# Starting reloading



## wy_white_wolf (Oct 14, 2004)

DW bought me a reloading kit for Christmas. Been doing some reading from the included books. Just wondering what advise you'd give someone just starting out on reloading?


----------



## BuckBall (Dec 26, 2005)

There is a lot of advice one can give so I'll just give a little and let others chime in. Be patient, don't take short cuts and follow the data to the letter.


----------



## brownegg (Jan 5, 2006)

Are you going to be reloading shotgun shells or rifle bullets?

brownegg


----------



## Ed Norman (Jun 8, 2002)

If you are loading rifle or pistol rounds, pick a powder charge that can only fit one into the case. Some target loads in a 38 case could probably go in 4 or 5 times, which isn't good. Until you understand and get your technique down, having a double charged case an impossibility is just one less thing to worry about. 

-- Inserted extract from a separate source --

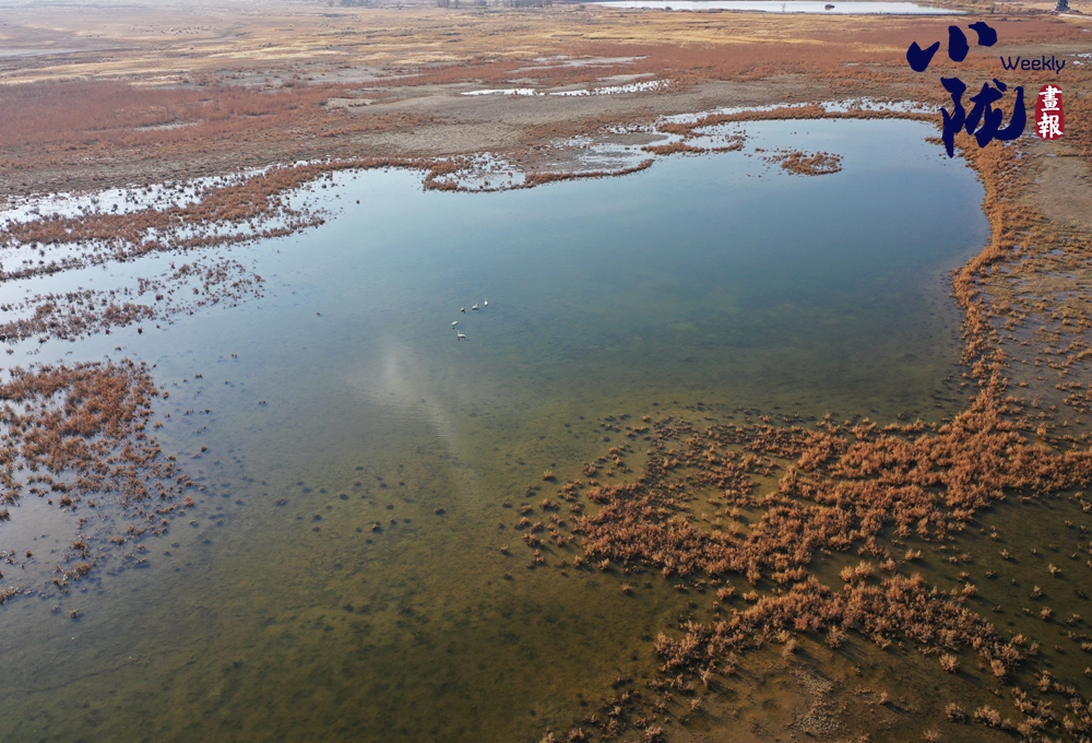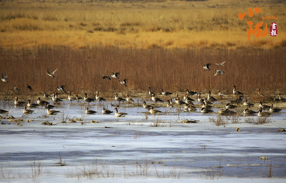 冬日濕地,鳥(niǎo)類(lèi)或靜立冰面,或翩然飛越金黃蘆葦。每年候鳥(niǎo)遷飛之季,赤麻鴨等國(guó)家重點(diǎn)保護(hù)鳥(niǎo)類(lèi)在此棲身,鳥(niǎo)鳴與葦浪聲交織回蕩,宛如自然寫(xiě)就的生態(tài)詩(shī)篇。

I like to charge all my cases in the loading block, then I look into each one with a flashlight to verify they are all the same height. Once in a while stick powder might bridge in the measure, dumping more in the next case, or a bit of lube in the neck could bridge the powder there, spilling powder into the loading block. A quick check of every case spots the trouble. 

Only have the powder you are loading on the bench. The other powders are over on the shelf. I saw a guy blow up a good rifle with a load of pistol powder once.


----------



## Irish farmer (Dec 21, 2007)

I'm thinking about beginning to reload shotgun shells. Buckshot. How difficult will that be?


----------



## brownegg (Jan 5, 2006)

First thing , one must have a reloader....it's the piece of equipment that allows one to assemble all the components...casing, primer, wad, powder, shot.

The reloader will resize the casing for the new primer, allowing one to reuse casings until they are spent. The charge bar determines the powder and shot ratio...light load, magnum...etc.

It's not hard to learn if you are interested.

I've reloaded thousand's of rounds. It is a fun project.

brownegg


----------



## Bearfootfarm (Jul 13, 2006)

The FIRST thing you need to do is buy several GOOD reloading manuals, and read them CAREFULLY before attempting to figure out powders, bullets, etc.

Reloading is not HARD, but it IS DANGEROUS whne not done correctly


----------



## SnakeRiver (Feb 7, 2009)

Cut out any distractions. This is especially true for when you are measuring powder. If there is any doubt, measure it twice.


----------



## nathan104 (Nov 16, 2007)

Stock up on the powders and primers you will need before the new govt taxes them heavily. Dont be distracted while reloading. Pay attention to what you are doing. Like the books say, start at the minimum and work your way up towards the maximums in developing your loads. Read up on what bullets can be fired from what. I learned you are not supposed to fire cast lead bullets through a glock barrel after I did it. I learned you are not supposed to fire cast lead bullets through a micro grooved barrel AFTER buying the casting molds and accesories for casting 44 mag bullets for my micro grooved barrel marlin 1894. Different guns can handle different pressures and loads. When reading up on reloading the 44 mags, I learned that a 300 grain bullet I load for my rifle can also be fired from a 44 mag Ruger super edhawk but not from a S&W 44 mag revolver because the s&w cannot handle the pressures of that load. So, research your loads and also the gun you are reloading for.


----------



## hunter63 (Jan 4, 2005)

Bearfootfarm said:


> The FIRST thing you need to do is buy several GOOD reloading manuals, and read them CAREFULLY before attempting to figure out powders, bullets, etc.
> 
> Reloading is not HARD, but it IS DANGEROUS whne not done correctly


Very good advice.
I've had several people ask me to show them, that they weren't the "book learnin" type.
So I would have them watch and find the spot in the book for each step, so 
they would know "why" they were doing each step.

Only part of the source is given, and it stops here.